The Markets in Financial Instruments Directive 2014/65/EU (MiFID II), which will apply to all Member States in the EU by 3 of January 2018, introduces significant changes on this field, as it is amending Directives 2002/92/EC and 2011/61/EU.

The key points of this regulatory framework are summarized as follows:


The Financial Conduct Authority.

  • AIM:

MIFID II ensures the investors’ protection and scrutiny of the transparency, as both were exposed by the international financial crisis, with significant changes to pre/post trade transparency, transaction reporting, corporate governance, product governance, client categorization, execution, conflicts of interest, disclosure of costs – charges and investment research.

  • SCOPE:

MiFID II extends the scope of the existing Directive (MiFID I) as it:

  1. Extends the definition of investment services by creating a new MiFID investment service of operating an organized trading facility (OTF),
  2. Extends the definition of financial instruments by creating new financial instruments including emissions allowances and
  3. Restricts certain of the MiFID I exemptions by bringing more firms within scope as commodity firms and market makers.
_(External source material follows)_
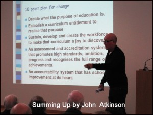 Initially, John Atkinson spoke about changes in society over the 50 years’ period, with relevance to politics, morals and particularly in education. He reminded the audience of some significant educational initiatives from various governments such as: the 1944 Education Act; the 1967 Plowden Report; the 1981 impetus in catering for special educational needs; the Baker changes in 1988, and the introduction of the National Curriculum in the 1990s. He also commented in detail about the impact of OFSTED.
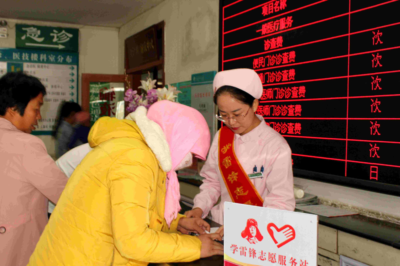 學(xué)雷鋒志愿服務(wù)站工作人員主要由年輕護(hù)士們擔(dān)任。她們身著護(hù)士裝,佩戴印有“學(xué)雷鋒志愿者服務(wù)”字樣綬帶,主動(dòng)為患者服務(wù)。志愿者們提供的主要服務(wù)項(xiàng)目有:在門診為老、弱、病、殘、孕等患者提供輪椅擔(dān)架租借。為患者提供開水、就醫(yī)導(dǎo)診、戒煙勸導(dǎo)、醫(yī)學(xué)人文關(guān)懷、慢性病知識普及和健康宣教等便民利民服務(wù),受到了患者及家屬的一致好評。

MiFID II requires financial services companies to capture, archive and analyze any communications from digital exchanges or face to face meetings, which lead to a transaction, with strong supervisory technological systems.

  1. New customer – facing portals,
  2. Automated call recording, storage and retrieval of client’s interaction (e.g. SMS, e-mail etc.),
  3. Design of more transparent electronic exchanges,
  4. Enhanced data storage systems and
  5. Development of report process.

MiFID II is related to the Markets in Financial Instruments Regulation 600/2014 (MiFIR), which is amending the Regulation (EU) No 648/2012, and will apply from January 2018 throughout the European Union.


Greece has not transposed yet the MIFID II Directive (2014/65/EU) in the Greek legislation. The related draft law was submitted in the Greek Parliament by 14th of December 2017 and the voting of the same is pending.


Although, the regulatory measures of these two European initiatives might be presented as contradictory, financial firms shall accommodate both. In particular, MIFID II is a new legislation which data privacy managers must take into account, always in compliance with the G.D.P.R., in order to legally collect, store and access to personal data.

Moreover, on the one hand, MiFID II provides that all communications, which lead to a transaction (including calls on mobile devices), shall be recorded, stored and accessed for up to 7 years. On the other hand, G.D.P.R. is aiming to strengthen data protection and to support individual rights to privacy. As a result, clients and employees of a financial firm shall be informed about the record and storage of their personal data and be ensured that the period for which their personal data are stored is limited to a strict minimum.

In any case, MiFID II project managers need to consult with G.D.P.R. project managers about the technology required for any collection, storage and protection of personal data they may process.

In conclusion, the legislative framework for markets in financial instruments and protection of personal data across Europe seems to change and provide new legislative requirements but also new opportunities throughout the European Union.